Sputnik: Why do you think Nepal is accepting such projects despite its close economic and political ties with India, underpinned by the 1950 Treaty of Peace and Friendship?
Lama: Well, definitely, another question to ponder over is what is pushing Nepal to accept such risky projects.
I would say that Nepal has been growing closer to China since 2015, after the devastating earthquake that affected millions of people. Many people in Nepal have blamed India for imposing an unofficial blockade in the wake of the earthquake, which has in turned affected the post-earthquake recovery since Nepal has traditionally relied on New Delhi for carrying out trade.
While New Delhi has denied any involvement in a blockade, the fact remains that this has remained an issue in Nepal. In 2017, Nepal signed on to the BRI, which was followed by the historic visit of President Xi Jinping to Kathmandu.
It is very important to remember the context of growing Nepal-China ties.
Sputnik: How should India react to these increasing engagements between China and Nepal under the BRI framework?
Lama: One reaction would be to condemn it.

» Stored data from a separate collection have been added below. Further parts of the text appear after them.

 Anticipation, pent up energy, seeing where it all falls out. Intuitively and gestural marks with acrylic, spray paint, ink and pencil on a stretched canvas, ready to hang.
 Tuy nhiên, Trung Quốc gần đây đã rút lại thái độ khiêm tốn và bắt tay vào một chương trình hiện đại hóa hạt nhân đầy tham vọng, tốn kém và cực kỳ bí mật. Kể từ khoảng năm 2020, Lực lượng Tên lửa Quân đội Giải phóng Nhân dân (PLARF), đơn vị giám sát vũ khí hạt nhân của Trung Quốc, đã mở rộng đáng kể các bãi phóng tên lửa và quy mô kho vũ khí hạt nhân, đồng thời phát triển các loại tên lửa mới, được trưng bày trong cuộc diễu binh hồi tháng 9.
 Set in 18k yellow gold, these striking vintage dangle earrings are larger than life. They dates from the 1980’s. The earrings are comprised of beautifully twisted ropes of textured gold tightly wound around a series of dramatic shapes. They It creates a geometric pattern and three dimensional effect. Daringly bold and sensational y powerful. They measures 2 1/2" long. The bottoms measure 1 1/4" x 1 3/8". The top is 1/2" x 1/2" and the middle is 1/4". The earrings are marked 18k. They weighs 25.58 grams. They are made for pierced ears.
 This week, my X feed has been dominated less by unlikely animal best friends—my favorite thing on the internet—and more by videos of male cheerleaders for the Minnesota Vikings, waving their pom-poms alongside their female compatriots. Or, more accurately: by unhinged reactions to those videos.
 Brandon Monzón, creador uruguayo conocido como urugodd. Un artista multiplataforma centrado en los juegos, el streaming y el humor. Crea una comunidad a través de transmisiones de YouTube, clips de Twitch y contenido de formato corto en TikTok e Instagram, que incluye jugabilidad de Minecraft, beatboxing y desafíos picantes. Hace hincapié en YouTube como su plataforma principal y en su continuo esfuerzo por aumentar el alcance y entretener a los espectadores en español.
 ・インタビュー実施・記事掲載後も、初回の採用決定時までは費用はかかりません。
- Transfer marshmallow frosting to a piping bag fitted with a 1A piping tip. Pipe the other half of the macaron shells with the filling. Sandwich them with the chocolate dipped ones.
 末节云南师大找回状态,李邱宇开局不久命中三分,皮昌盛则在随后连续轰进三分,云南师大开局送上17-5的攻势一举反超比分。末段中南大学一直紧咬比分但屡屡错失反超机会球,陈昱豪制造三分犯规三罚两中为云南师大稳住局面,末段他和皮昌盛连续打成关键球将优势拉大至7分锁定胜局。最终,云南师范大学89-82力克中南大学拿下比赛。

There is already some western propaganda that the Pokhara International Airport would turn into another Hambantota port. Such sort of propaganda is never going to work.
These sort of insinuations about BRI-funded projects haven’t and will not affect China and the BRI.
I believe that the most critical reaction for India would be come up with a grander connectivity and infrastructure initiative in Nepal which China is already doing there under the BRI framework.
On India’s part, an important measure could to be to expedite the enforcement of the BBIN MVA framework which was signed in 2015. India is the main theater of the sub-regional integration process in South Asia. It is sort of a meeting ground for Bangladesh, Bhutan, and Nepal.
(The Bangladesh-Bhutan-India-Nepal Motor Vehicle Framework agreement was signed among the four governments in Thimpu in 2015. It aims to regularize passenger, personal and cargo vehicular traffic between the four countries in a bid to facilitate regional integration. Bhutan is yet to ratify the pact).
The Indian government should incentivize the other three nations to use Indian transport infrastructure, Indian ports as well as the Indian market. The BBIN network should be integrated with the India-Myanmar-Thailand (IMT) trilateral highway to ensure that Nepal, Bhutan, and Bangladesh have direct overland connectivity to Southeast Asia.
The official status of Nepal, Bangladesh, and Bhutan in India’s "Act East Policy" must be upgraded.
In a way, these processes would ensure that Nepalis get access to a much larger and different market in South and Southeast Asia. The combined size of the market would be much bigger than what China is offering to Nepal under the BRI framework.
Any Bangladeshi exporter would be keen to use the overland route to Southeast Asia than accessing those markets by passing the southern coast of India as they are doing now.
I believe that this should be the way ahead and the government of India is already involved in efforts to upgrade the infrastructure and connectivity in the northeastern part of the country under the Act East Policy.
No other country besides India has the capability to integrate South Asia with Southeast Asia.